**Brief**
Copy the lines of the data below exactly, starting at the first and stopping after the line that contains "Plantation on an"; include no pictures.
────
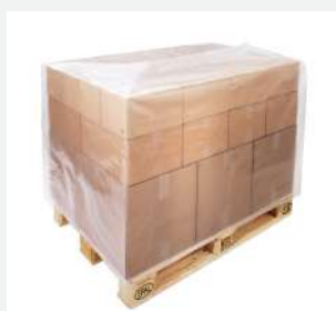
Pallet protection stretch films and pallet covering
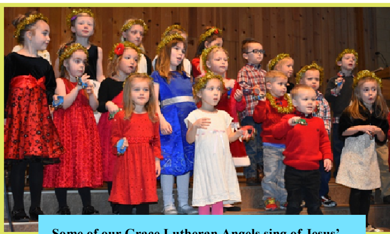
Some of our Grace Lutheran Angels sing of Jesus' birth at our Annual Christmas Program
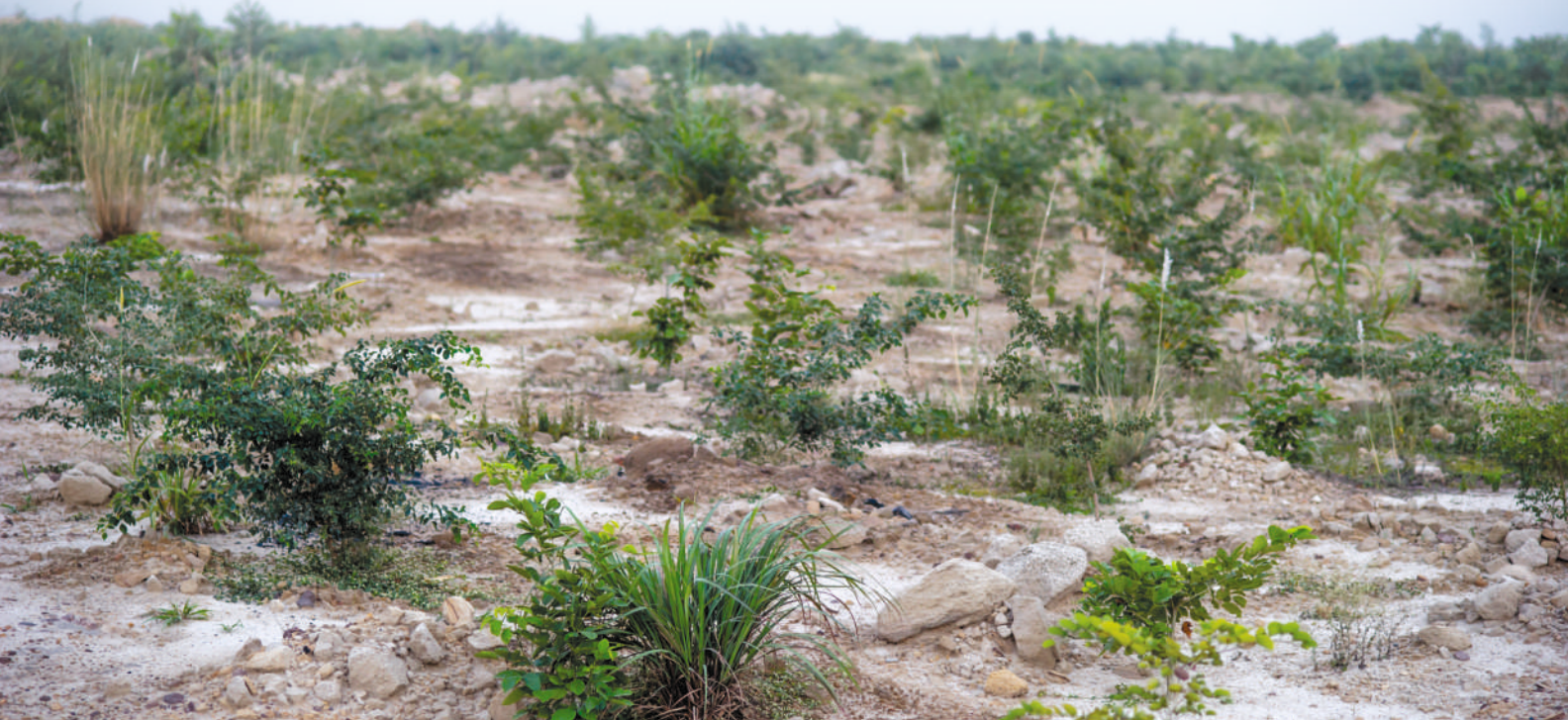
Plantation on an overburden dump in Amlohri area of Northern Coalfields Limited in Madhya Pradesh

CIL has been suggested that Special Spot e-auction / Spot e-auction windows of CIL may be used to sell coal for the purpose of export. Further, the coal which cannot be utilized / sold in the domestic market should only be exported. CIL can also participate in the tenders floated by the neighbouring countries to export coal after meeting the domestic demand. Further, the traders / coal consumers of the neighbouring countries can also participate in the Special Spot e-auction / Spot e-auction windows of CIL.
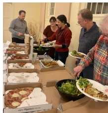
Cohort at Lutheran Church of Christ the Redeemer
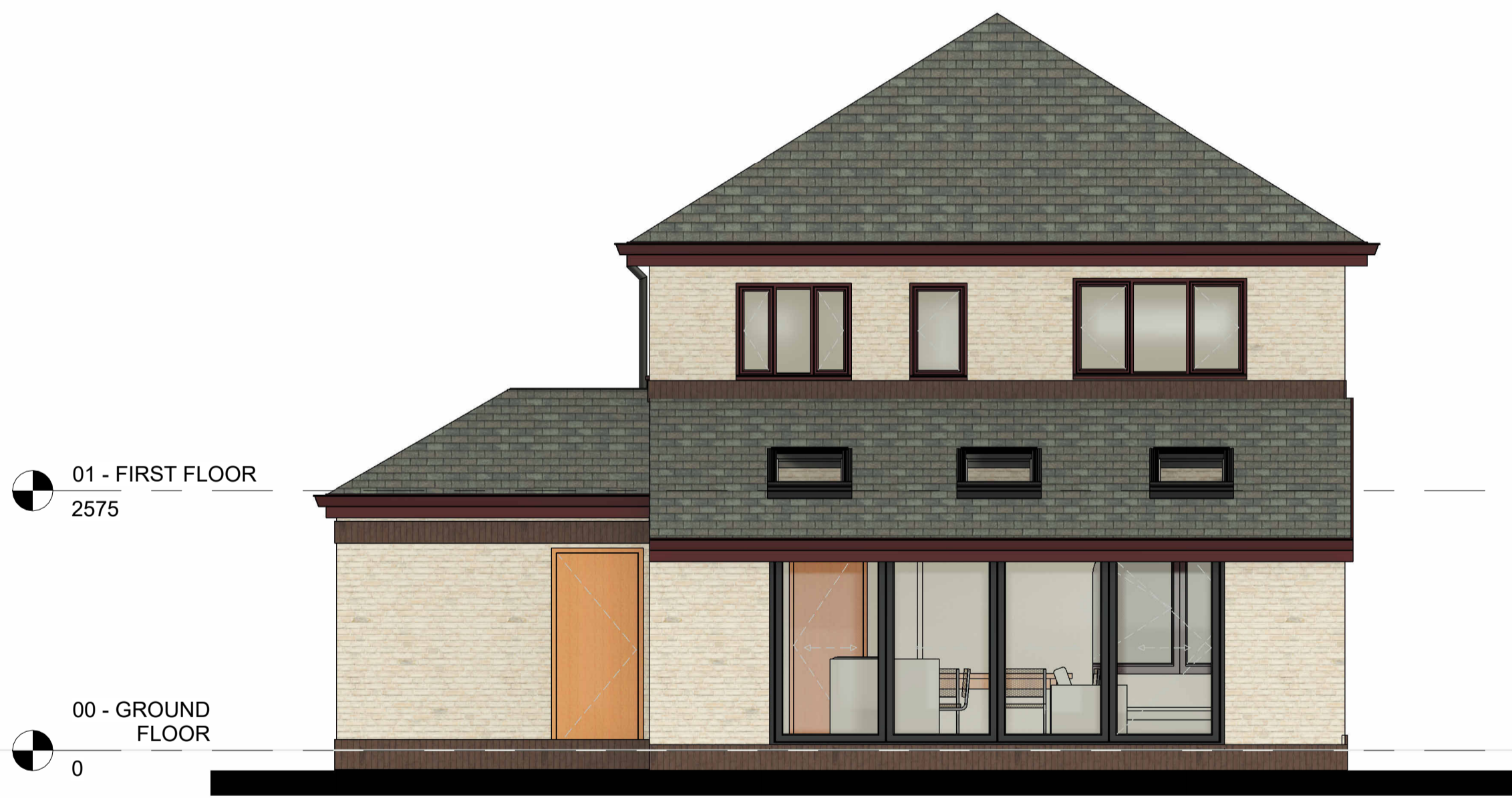
C - NORTH-EAST PROPOSED ELEVATION REAR 1 : 50
────
**Answer to the problem**
Pallet protection stretch films and pallet covering
Some of our Grace Lutheran Angels sing of Jesus' birth at our Annual Christmas Program
Plantation on an overburden dump in Amlohri area of Northern Coalfields Limited in Madhya Pradesh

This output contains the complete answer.